PULAU Selayar yang bentuknya memanjang dengan orientasinya utara-selatan, terletak di sebelah selatan Semenanjung Bira di Pulau Sulawesi, dipisahkan oleh Selat Bira selebar +- 7.5 km. Posisi tersebut telah menempatkan Selayar sebagai kabupaten paling selatan di Provinsi Sulawesi Selatan.
Pada masa Selayar menjadi daerah kekuasaan Gowa (awal abad ke-17) daerah ini merupakan jalur perdagangan yang melawan pelabuhan Tuban, Gresik, Surabaya, India, dan Asia Selatan. Sejak perjanjian Bongaya tahun 1667 antara Gowa dan Belanda, Selayar menjadi daerah kekuasaan Belanda (VOC). Perjanjian ini dilatari oleh maksud Belanda untuk mengambil alih monopoli perdagangan rempah-rempah di Indonesia bagian timur; menguasai jalur perdagangan keramik melalui Philipina, kepulauan Nusantara, Afrika Timur, Timur Tengah; dan sekaligus Eropa. Dapat dikatakan bahwa sejak dikuasai Belanda, peranan Selayar menjadi semakin penting.

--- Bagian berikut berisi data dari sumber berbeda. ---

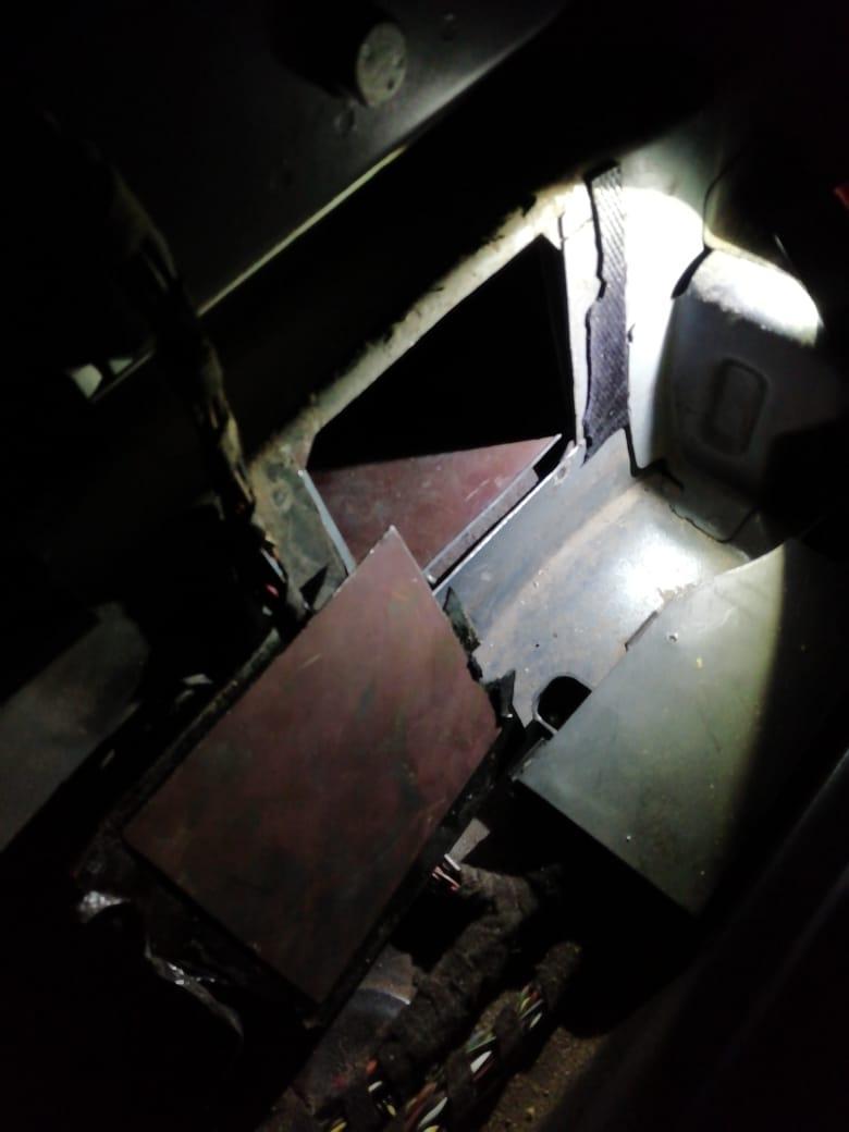 - Доступ до виявлених тютюнових виробів став можливим після демонтажу передніх сидінь автомобіля шляхом відкручування чотирьох болтів на кожному; пластмасових декоративних накладок на стійках та порогах авто, які кріпились на пластмасових кліпсах; ковроліну з підлоги; пластмасових труб пічки; металевої пластини квадратної форми розміром 10х10см, приклеєної бітумним матеріалом до металевого порогу та відсовуванням ще однієї металевої пластини в бік, - розповідають інспектори-оперативники управління забезпечення та протидії митним правопорушенням Закарпатської митниці Держмитслужби.

Sumber-sumber tertulis mengenai Selayar masih sangat sedikit ditemukan, namun dalam Negarakrtagama pupuh XIV disebutkan bahwa pada abad ke-13 Selayar merupakan salah satu wilayah kekuasaan Majapahit dan bahkan telah ikut dalam percaturan sejarah. Hal ini membuktikan bahwa sejak saat itu Selayar telah mempunyai hubungan dengan daerah luar. Mungkin hubungan itu telah ada sejak masa prasejarah, khususnya dengan Asia. Dugaan ini didasarkan atas temuan nekara perunggu yang kemungkinan berasal dari Indocina.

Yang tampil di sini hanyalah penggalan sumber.